With their mice cortices sufficiently buzzing, the researchers used G-CaMP7 to observe the subjects' neurological activity both before and during tDCS. Not only did they find relative increases in cortical activity following tDCS, when subject to sensory inputs in the forms of puffs of air directed at the mice's whiskers or flashes of light, they observed accompanying surges in calcium being produced by astrocytes.

That astrocyte-based calcium surges have a role in the process by which neurons establish connections with each other is not in itself a new thing, and it's been suggested that astrocytes are a routine part of the brain's information processing functions. Neurons signal each other using electrical impulses, but astrocytes in turn regulate this signaling using their own calcium-mediated form of signaling.

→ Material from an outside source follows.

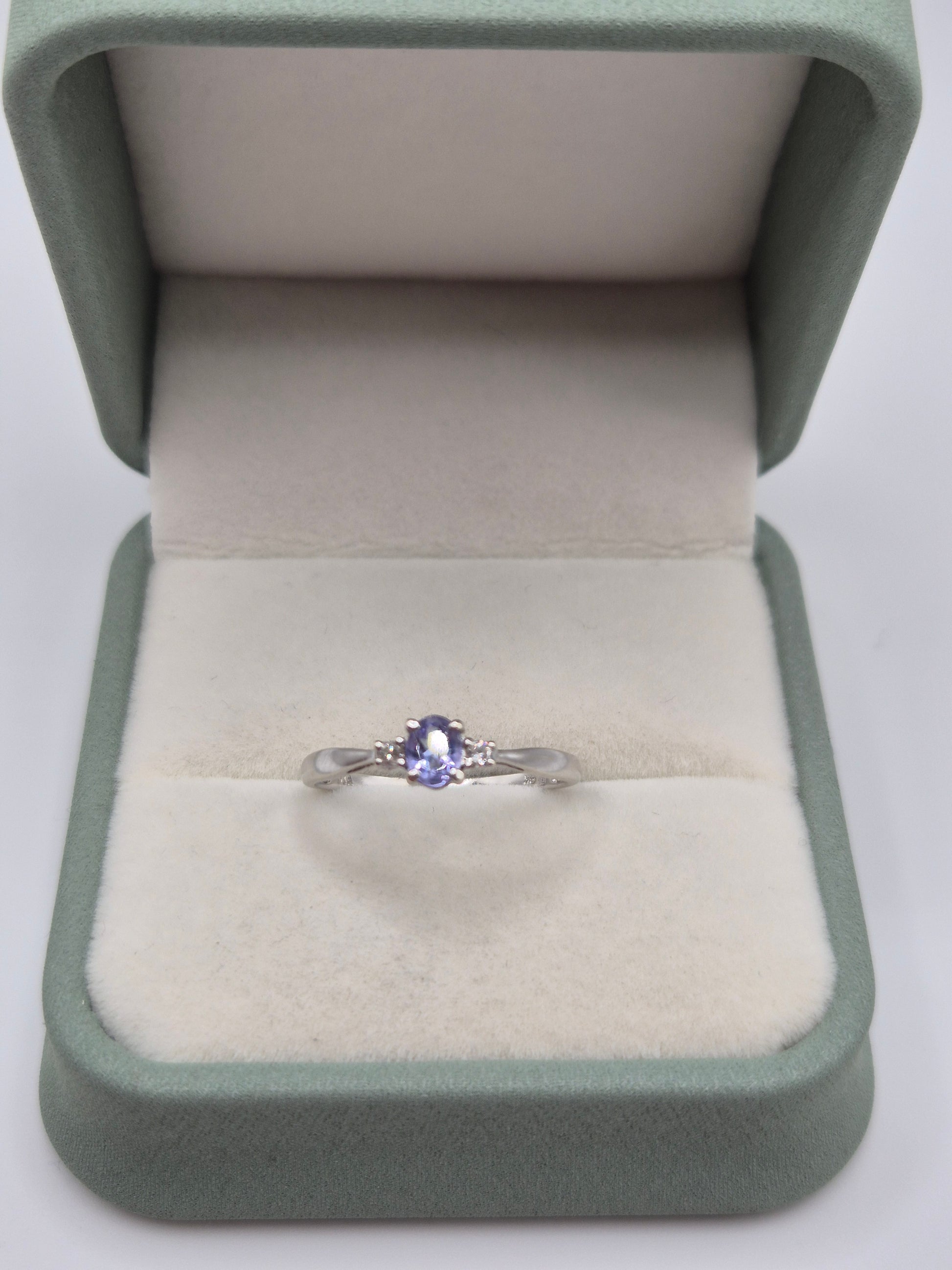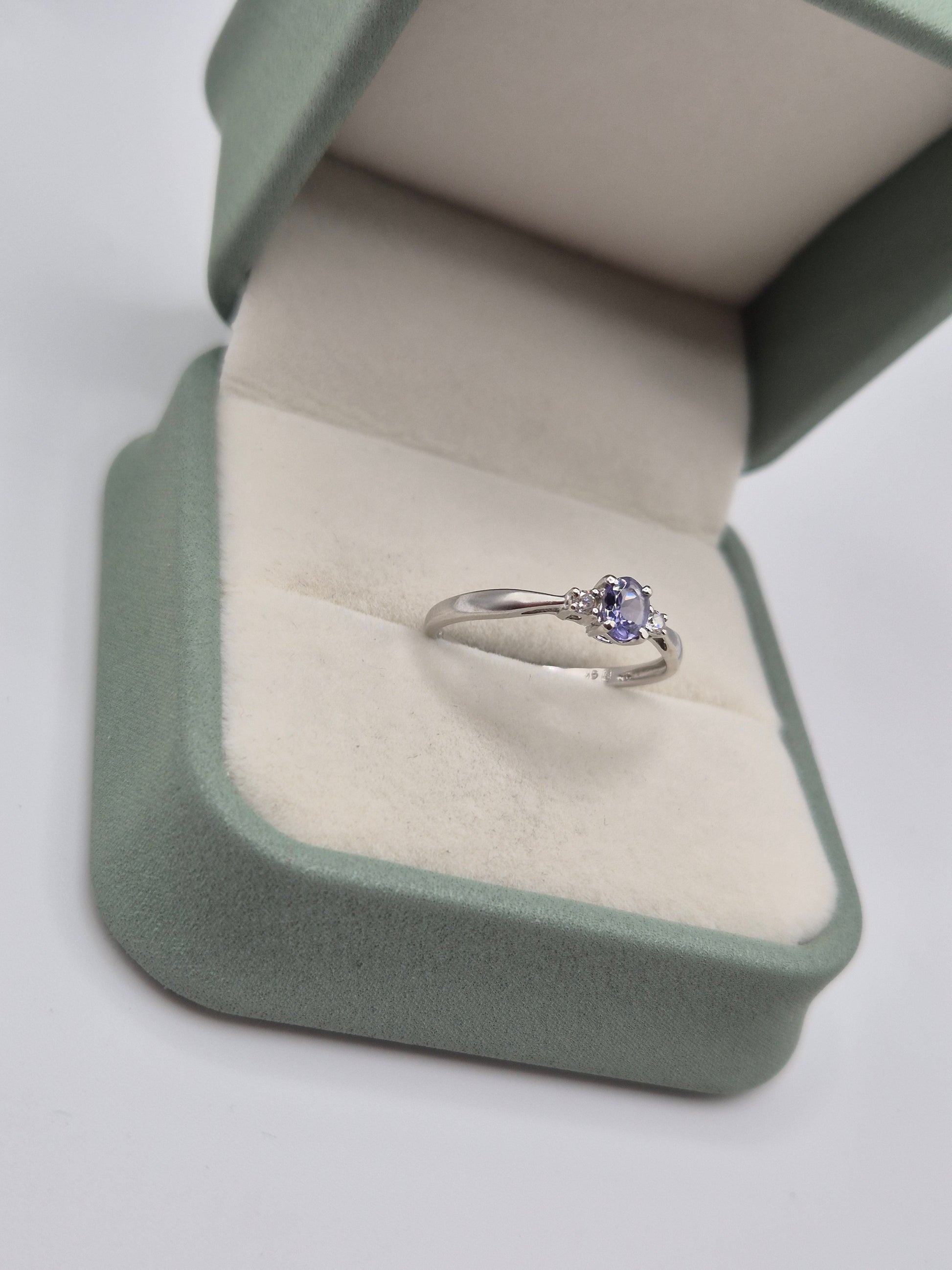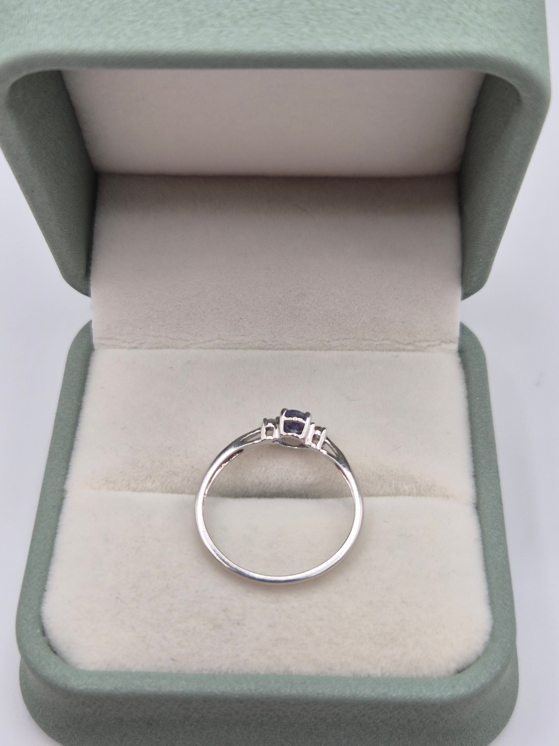 9ct white gold tanzanite and diamond ring

The signaling interactions between astrocytes and neurons are together known as gliotransmission.

A 2014 perspective in the journal Neuron declared the identification of gliotransmission processes to be "a paradigm shift in our thinking about brain function."

What the RIKEN group wanted to explore is how and if this extra layer of signalling is impacted by tDCS. Indeed, the astrocyte response to tDCS was quick and synchronized across the entire cerebral cortex, rather than just the region responsible for processing the whisker- and flash-related sensory input.

The researchers then went on to explore the relationship between the observed calcium surges and known depression models in mice. tDCS has been shown to be effective in such models, generally, so the group attempted tDCS on mice who had their astrocyte-produced calcium channels blocked. Without the calcium surges, the stimulation proved to be ineffective.

We may be onto something pretty important here. If depression can be better treated by manipulating astrocytes and calcium levels, together with neural activity, we have a new and very different approach to an illness in dire need of new and very different approaches.